Instructions to follow – Pictures do not belong in the copy. Output exactly the lines from the one containing "Former Dallas Cowboys" to the end of the listing below.

Records –
++++

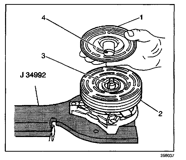 4. Place the clutch plate and the hub assembly (1) onto the compressor shaft.
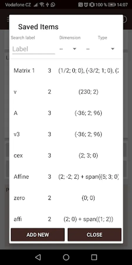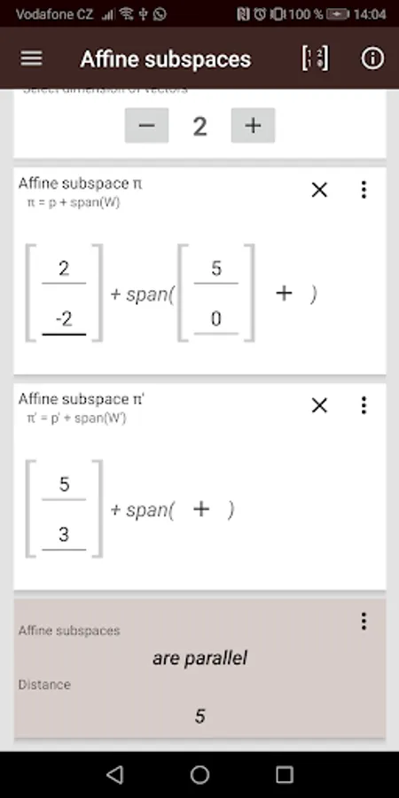 - Saving of Vector, Affine subspaces, Vector subspaces, Matrix
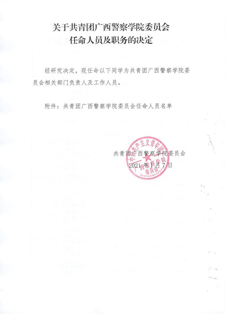 关于共青团beat365唯一官方网站委员会任命人员及职务的决定
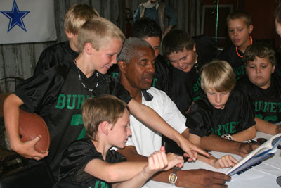 Former Dallas Cowboys cornerback Everson Walls (center) shows members of the Burnet Youth Football League his book, “A Gift To Ron,” that details his decision to give a kidney to former teammate Ron Springs. Players include Cash Gililland (sitting), Walls, Triston Shirley and Conner Kolb; Tyler Davis (standing), Jacob Hein, Ivan Interial, Joe Lopez and Kolebie Stevens. Walls was in Burnet to sign autographs for a fundraiser for the organization June 16. Staff photo
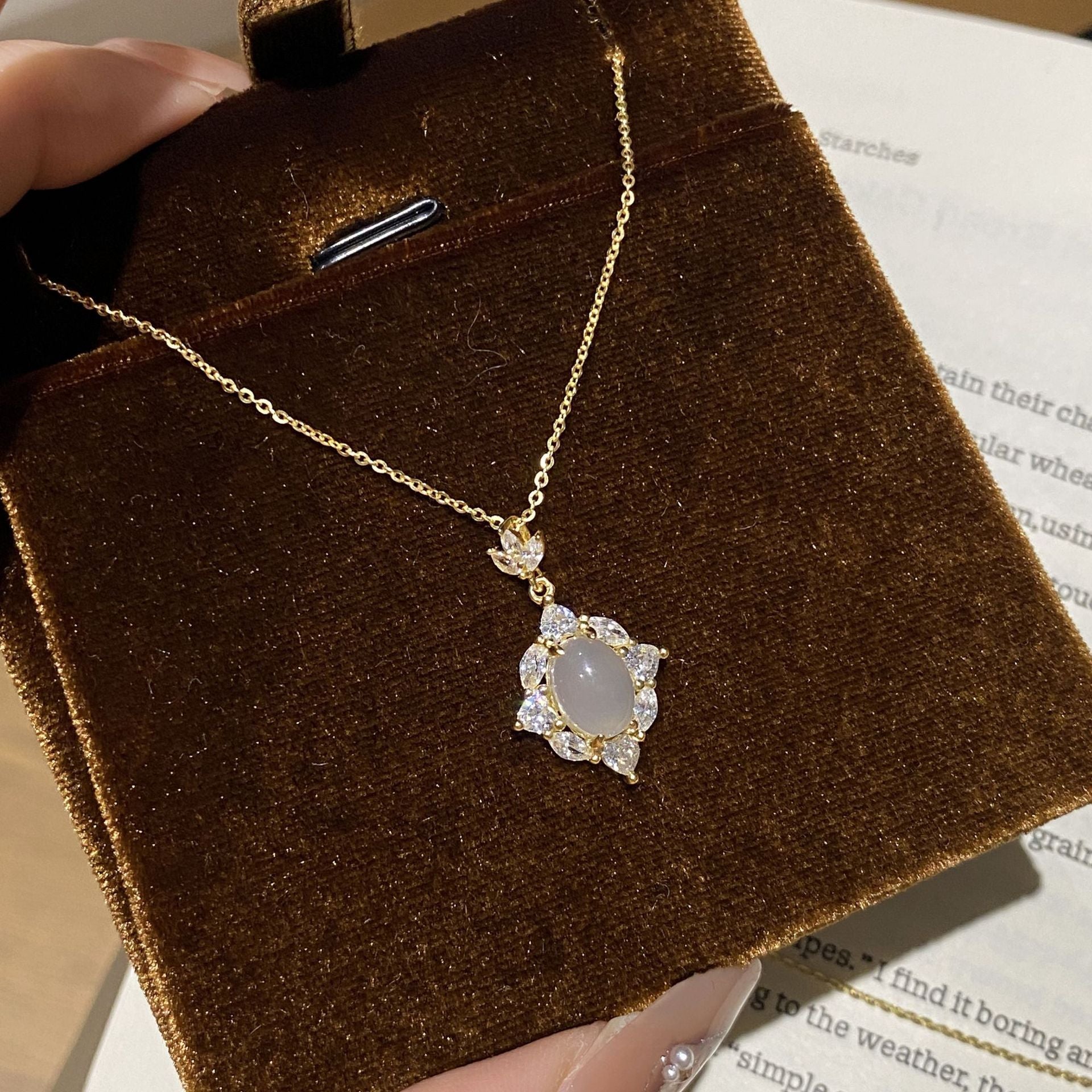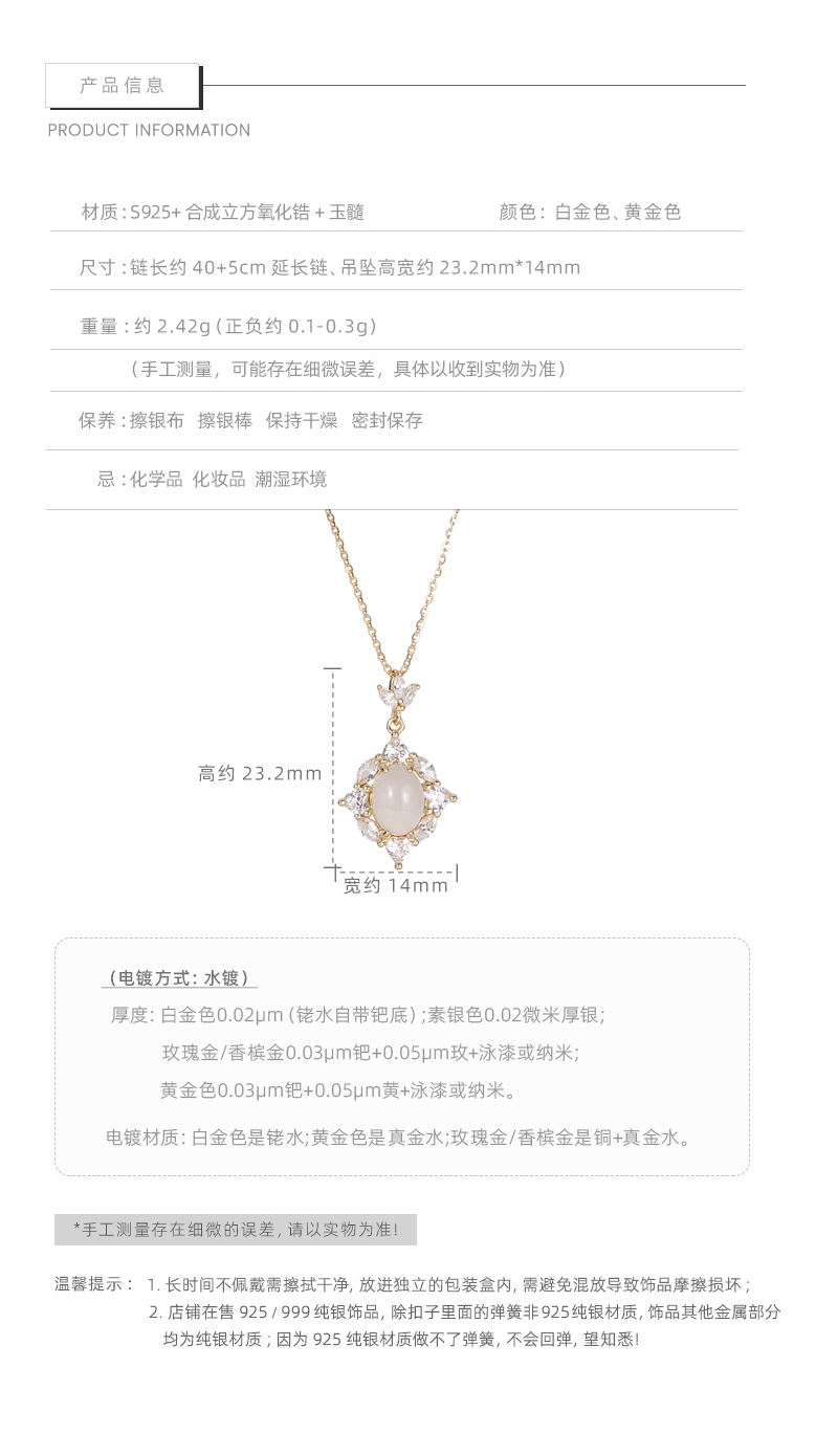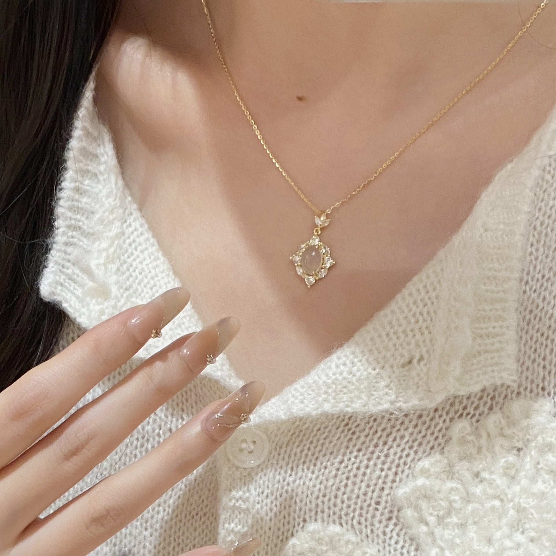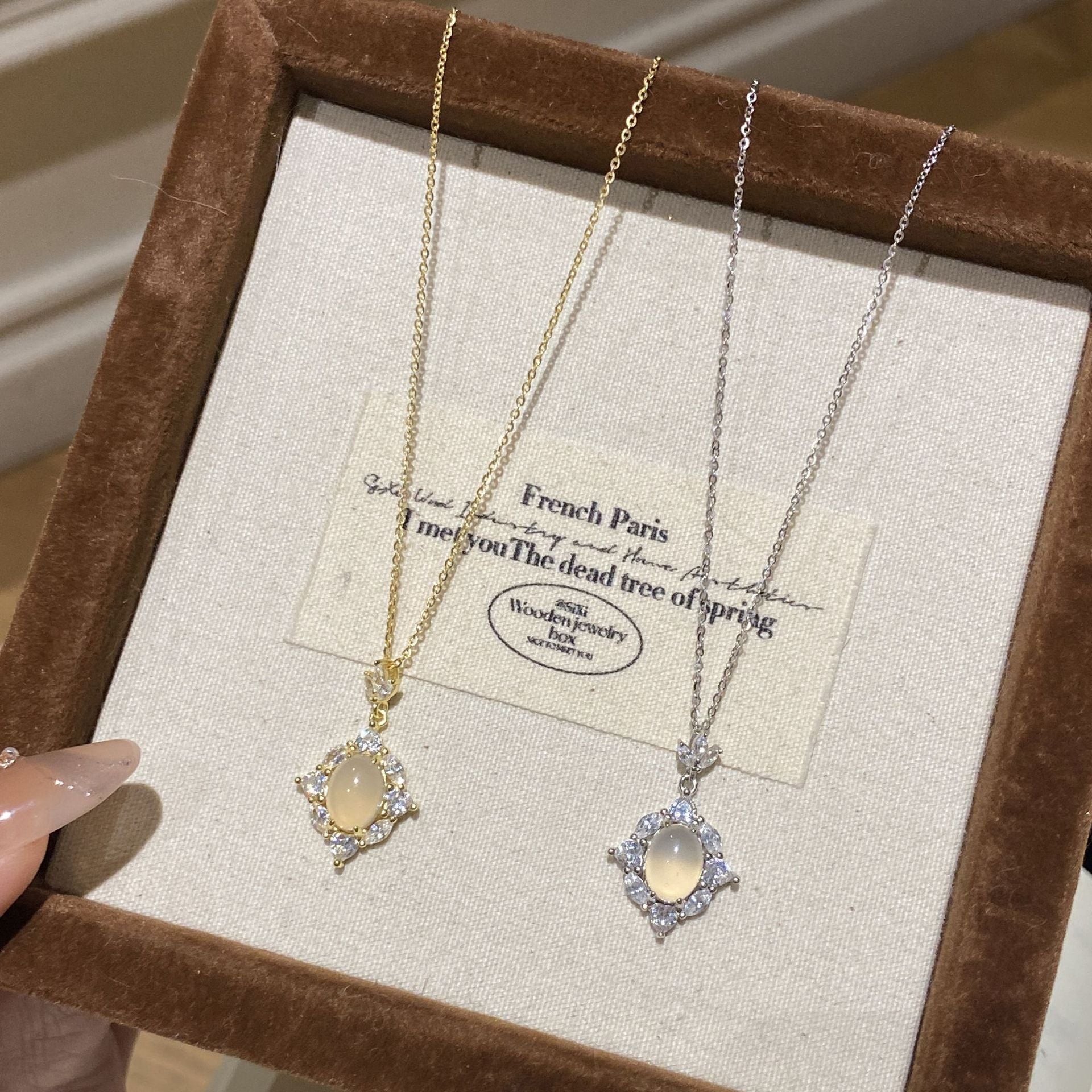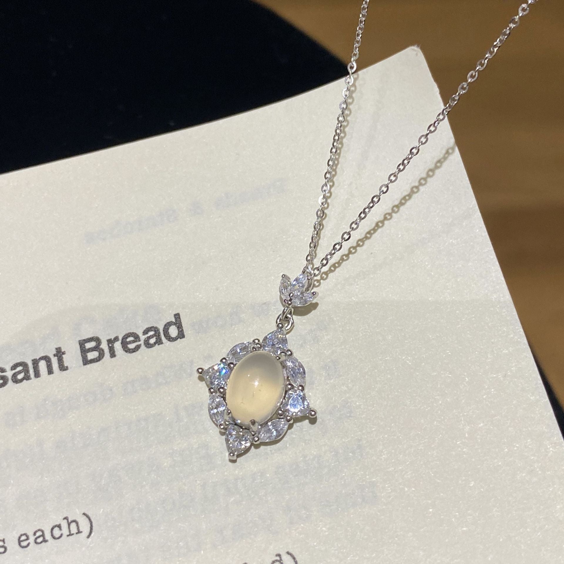 F廠【XDQ0076N】輕奢精緻蛋形白玉髓項鍊S925純銀秋冬高級感閃鋯鎖骨鍊女 25.11-1
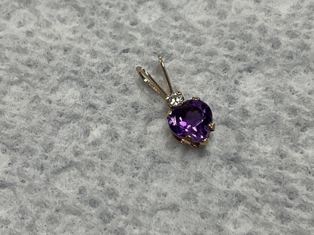 10kt YG Heart Purple Stone Pendant 0.3Gr
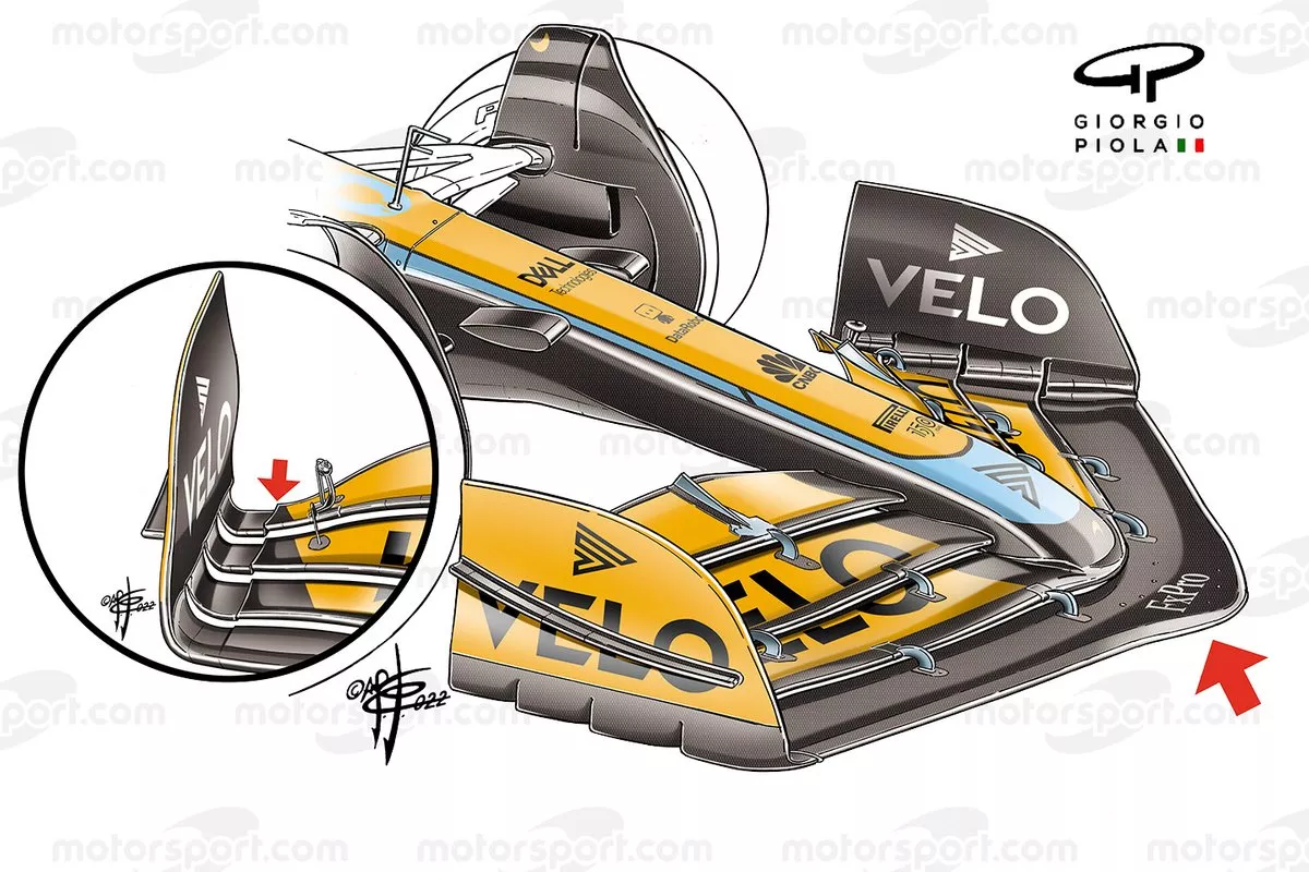 车队认为使用地面效应后底板边缘载荷急剧上升的新车需要更多的额外稳定性,因为新车的车身高度与前几个赛季相比要低得多,这使得底板边缘与地面的距离变得异常的近。

++++

Written response –
 Former Dallas Cowboys cornerback Everson Walls (center) shows members of the Burnet Youth Football League his book, “A Gift To Ron,” that details his decision to give a kidney to former teammate Ron Springs. Players include Cash Gililland (sitting), Walls, Triston Shirley and Conner Kolb; Tyler Davis (standing), Jacob Hein, Ivan Interial, Joe Lopez and Kolebie Stevens. Walls was in Burnet to sign autographs for a fundraiser for the organization June 16. Staff photo
 F廠【XDQ0076N】輕奢精緻蛋形白玉髓項鍊S925純銀秋冬高級感閃鋯鎖骨鍊女 25.11-1
 10kt YG Heart Purple Stone Pendant 0.3Gr
 车队认为使用地面效应后底板边缘载荷急剧上升的新车需要更多的额外稳定性,因为新车的车身高度与前几个赛季相比要低得多,这使得底板边缘与地面的距离变得异常的近。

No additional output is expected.